DATA BELOW:
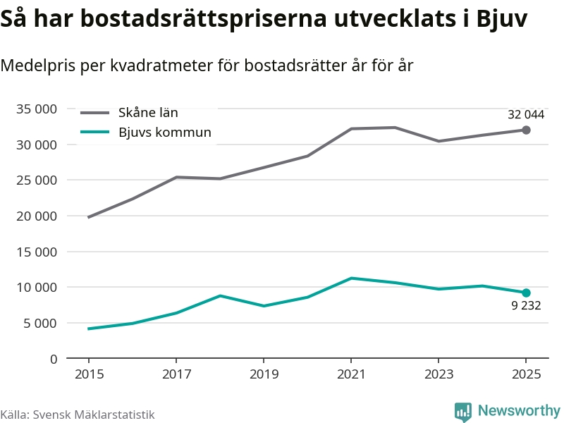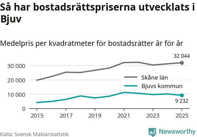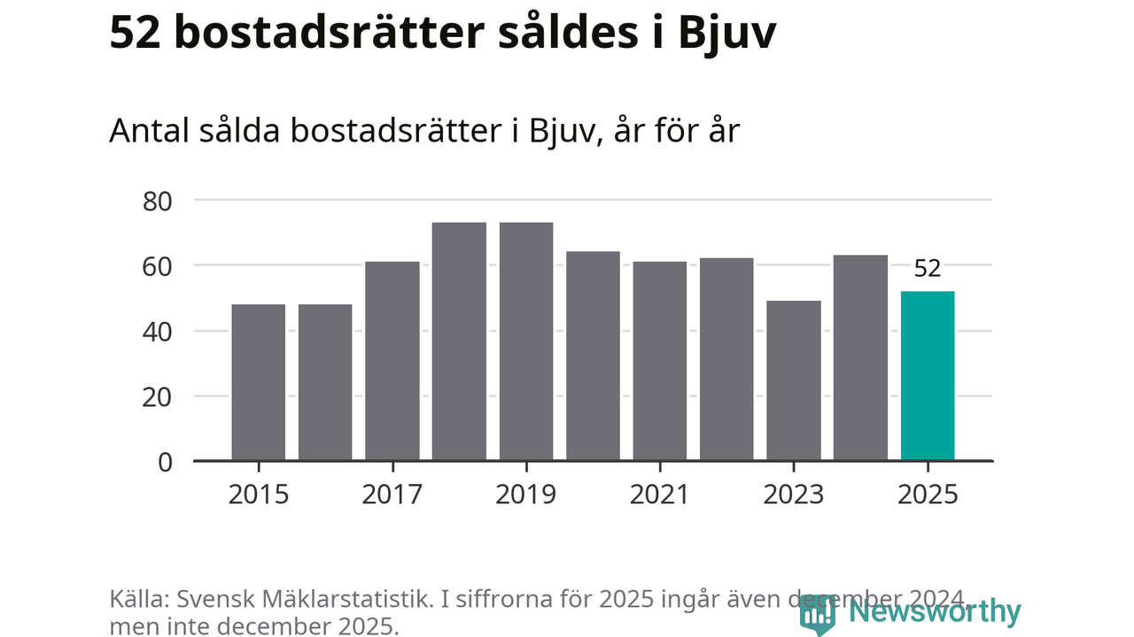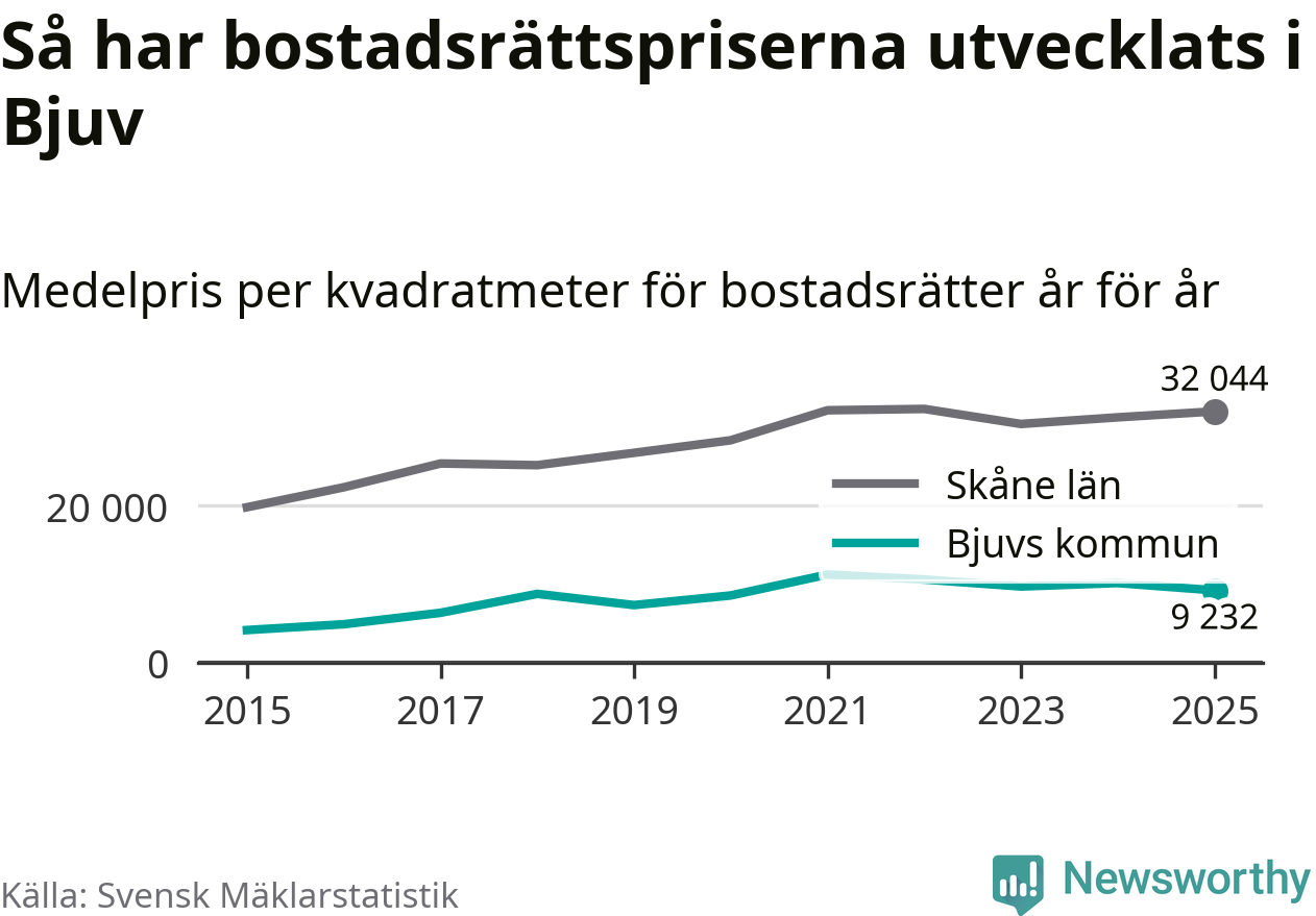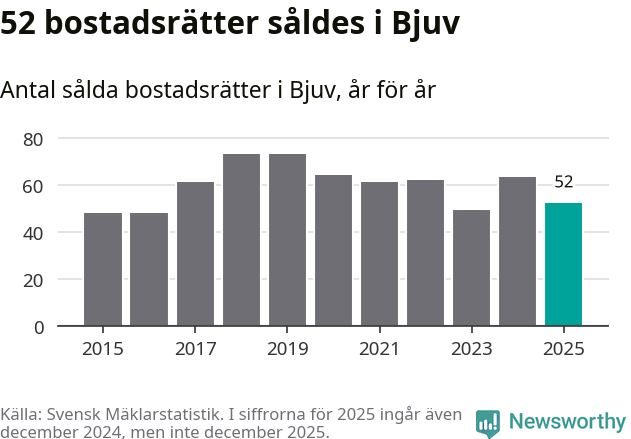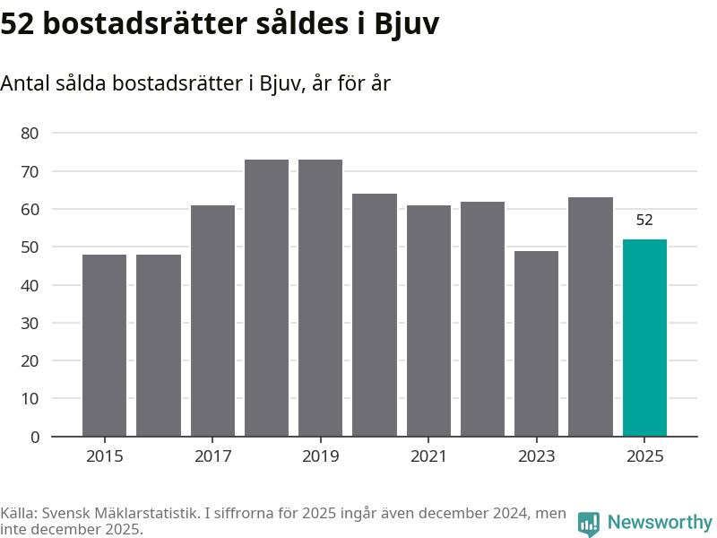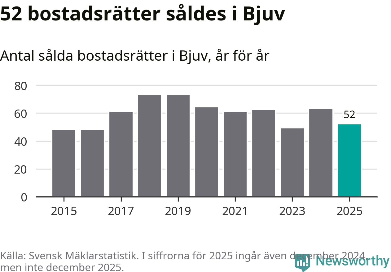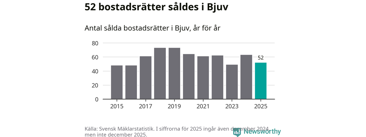 Det såldes totalt 52 bostadsrätter i Bjuvs kommun under året. Genomsnittspriset per kvadratmeter landade på 9 232 kronor. Det är en minskning med nio procent i kommunen på ett år.
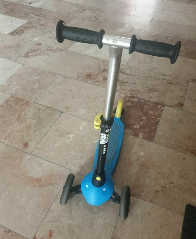 Oxelo B1 marka, Mavi renkte, ön direksiyon yüksekliği ayarlanabilir, 3tekerlekli, frene sahip , sağlam yapılı ve renkli tasarımlı çocuk scooterı. Dengeli sürüş için önde iki tekerlek ve siyah tutma kolları bulunur.
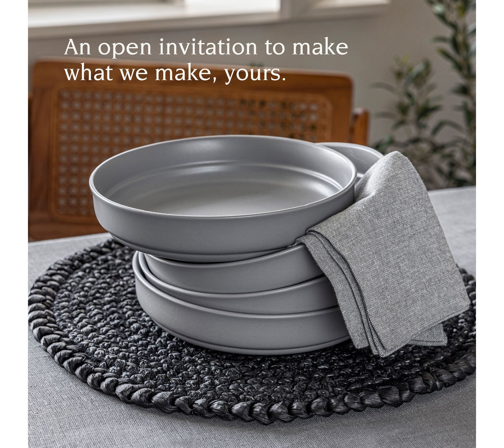 Over&Back rimmed semi-matte stoneware dinner bowls bring an elegant yet versatile style to your dining table. These bowls are perfect for mixing and matching, giving you the freedom to create your unique tablescape. From Over&Back.

ACTIVITY: Copy out the listing above in full and keep the pictures out.

RESPONSE:
 Det såldes totalt 52 bostadsrätter i Bjuvs kommun under året. Genomsnittspriset per kvadratmeter landade på 9 232 kronor. Det är en minskning med nio procent i kommunen på ett år.
 Oxelo B1 marka, Mavi renkte, ön direksiyon yüksekliği ayarlanabilir, 3tekerlekli, frene sahip , sağlam yapılı ve renkli tasarımlı çocuk scooterı. Dengeli sürüş için önde iki tekerlek ve siyah tutma kolları bulunur.
 Over&Back rimmed semi-matte stoneware dinner bowls bring an elegant yet versatile style to your dining table. These bowls are perfect for mixing and matching, giving you the freedom to create your unique tablescape. From Over&Back.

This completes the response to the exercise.